Athletics stadium in Nottingham, England

Harvey Hadden Stadium is a purpose-built athletics stadium in the Bilborough district of Nottingham, England. It is the home of Notts Athletics Club (who compete in the Premier Division of the National Athletics League and Midland Counties Athletics League), as well as both the Athletic clubs of Nottingham Trent University and the University of Nottingham. It was used as the home ground for Nottingham Caesars from 1984 to 2021.

It is also used for other sporting events such as American football, Football, Boxing, MMA and Rugby league.

==Facilities==
The stadium is currently operated by Nottingham City Council.

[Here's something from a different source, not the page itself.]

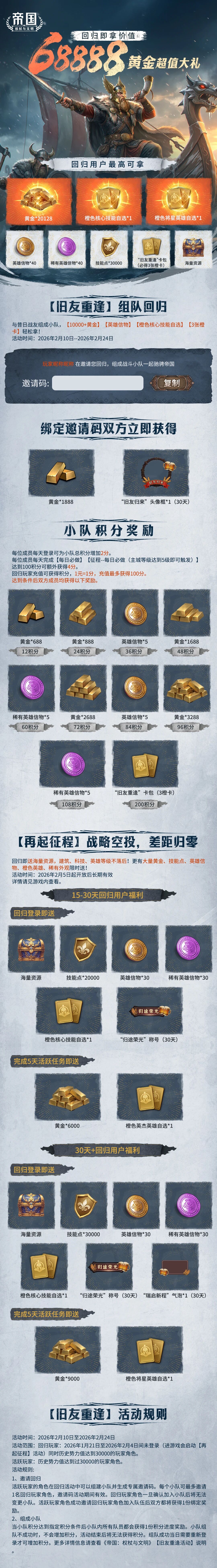 Tips:1.活动-再起征程:需满足活动开启前15日未登录游戏的条件,满足此条件的角色在进入游戏后会在游戏右上角轮播图中自动开启再起征程活动(再起征程中任务进度及未领取奖励可跨赛季保留进度)2.活动-旧友重逢:邀请方,需该角色历史势力值达到30000(历史势力值可在游戏中角色主页荣誉墙展示中进行查看)被邀请方,需满足参与活动-再起征程的条件并且参与活动的角色历史势力值达到30000

The separate complex facility holds a Gym, Activity Rooms, Sports Hall and Indoor Athletics area. The Stadium is built into an embankment and has a total capacity of 1600 in which all are housed in the Main Stand. The stand holds a seated capacity of 740 with room for another 800 spectators on a standing terrace on either sides. Opposite the Main Stand there is a slip road coming from the access road to allow a port of call for Emergency vehicles. The Stadium has the usual amenities including Food Kiosks and Bathroom facilities, but Player changing rooms are housed in the main complex building.

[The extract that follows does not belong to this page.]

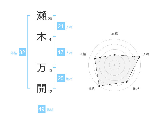 瀬木 万開さんを姓名の画数から五運を鑑定

The field has a Running Track, Pits and Shot put nets surrounding a sports field.

==Sports==

===Athletics===
Harvey Hadden stadium is the home of Notts Athletics club (est. 1928), who compete in the Premier Division of the National Athletics League and are the largest club in the East Midlands. Despite having to compete against many London clubs that pay their athletes, the club was able to finish 9th, 11th, and 12th in the 2021, 2022, and 2023 seasons, ensuring Premiership survival each year.

===Cycling===
Harvey Hadden stadium is host to a purpose build paved cycling closed circuit, that's 1500m in length The circuit hosts criteriums, as well as, training sessions for local clubs. The circuit was opened in mid-2015 and held its first race in summer 2016

===Rugby League===
The Harvey Hadden Stadium was a former home to the semi-professional Nottingham City RLFC from 1989 until 1993 when the club folded. For a number of years, it was the home of Nottingham Outlaws an amateur rugby league side.

===American football===
From 1984 until 2014, the stadium housed home games for the city's American football club, the Nottingham Caesars. During the renovation of the stadium in 2014 the club vacated but returned in time for the 2016 season. The ground is fully equipped with original American football posts as opposed to Rugby posts which is a common site in the British League. The Caesars training field lies adjacent to the Main Stand.